That’s the problem with missing audit logs. In a world of microservices, every service talks to others. Requests fly between APIs. Data flows in and out. Without a clear record, a single bad call or malicious request can hide in the noise. When hundreds of services connect through an access proxy, you need more than trust. You need an unbroken chain of truth.
Audit Logs in Microservices Access Proxies
An audit log is not a record for compliance alone. It is the living memory of your system. In microservices, each service can emit logs for its own activity. But when traffic moves through an access proxy—your single point of entry—this is where the most critical audit trail should live.
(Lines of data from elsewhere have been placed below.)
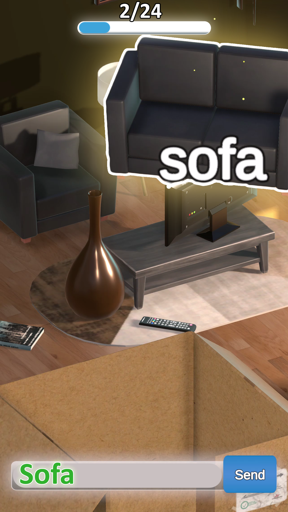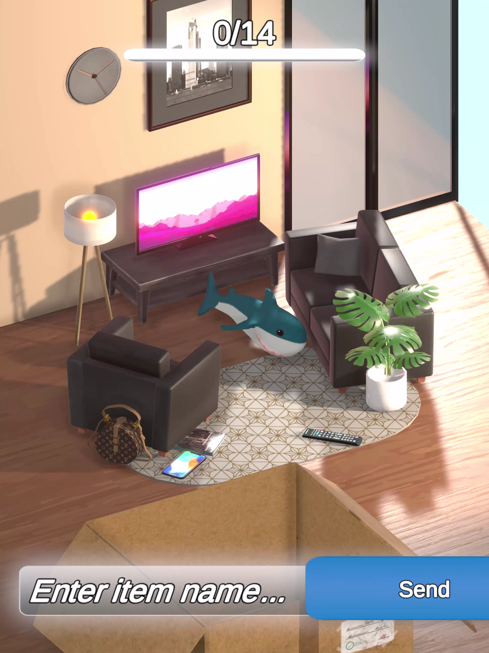 Go through the levels by writing down the names of objects. Stack everything. items in the box, clear the room. Write down all the items you find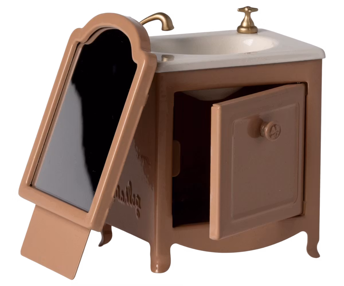 Smuk vask med guldhane til Royal Maileg Slot! Vasken har et aftageligt spejl og et praktisk skab, hvor du kan opbevare et lille håndklæde eller andre ejendele til vores små kongelige. Alder: Fra 3 år. Mål: Højde ca 15 cm. Bredde 6,5 cm. Materiale: Metal.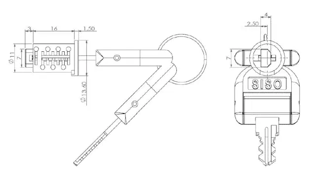 Lock cylinder with two keys.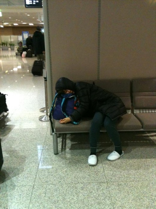 지난 달 31일 김나영은 트위터에 "오늘 새벽 인천공항에 나타난 공항패션 종결자, 잠시 지쳐 휴식 중이네요"라는 글과 함께 사진 한 장을 게재했다.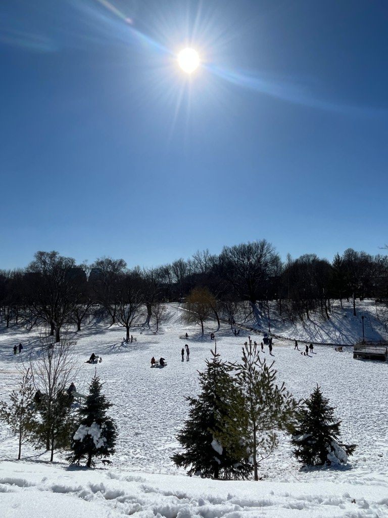 The crystals from the untouched snow glistened like icy sparkles below the mid-morning sky. Dogs ran freely into the cushiony open space, snowpeople were scattered throughout the park, and kids and adults alike gathered at the top of the hill with their toboggans.

An access proxy with full audit logging captures each request, its origin, the service it targets, metadata, headers, authentication details, and results. It can link events across distributed services, giving you a unified view. This makes it possible to detect security incidents, debug performance issues, and answer hard questions about who did what, when, and from where.
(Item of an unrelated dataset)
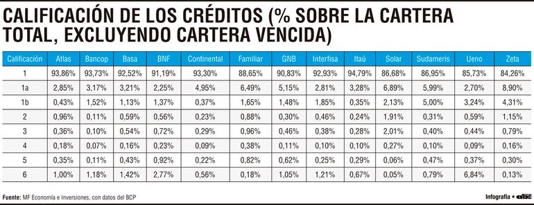 La comparación entre ambos extremos de la clasificación permite identificar perfiles diferenciados. Itaú combina 94,79% en categoría 1 con solo 0,67% en categoría 6, lo que evidencia una cartera fuertemente concentrada en activos de alta calidad y con mínima exposición al tramo irrecuperable. Atlas y Bancop también muestran una relación favorable entre elevada proporción en el segmento más sólido y niveles acotados en el más crítico.

Why Audit Logs Belong in the Proxy
Placing audit logging directly in the access proxy has distinct advantages over relying solely on individual services. The proxy sees every request before it touches business logic. This means no gaps, no bypasses, and no lost traces. You get consistency in format, fields, and retention. With immutable storage, you can ensure integrity and non-repudiation of requests. When compliance requires certainty, the proxy is the right place to enforce it.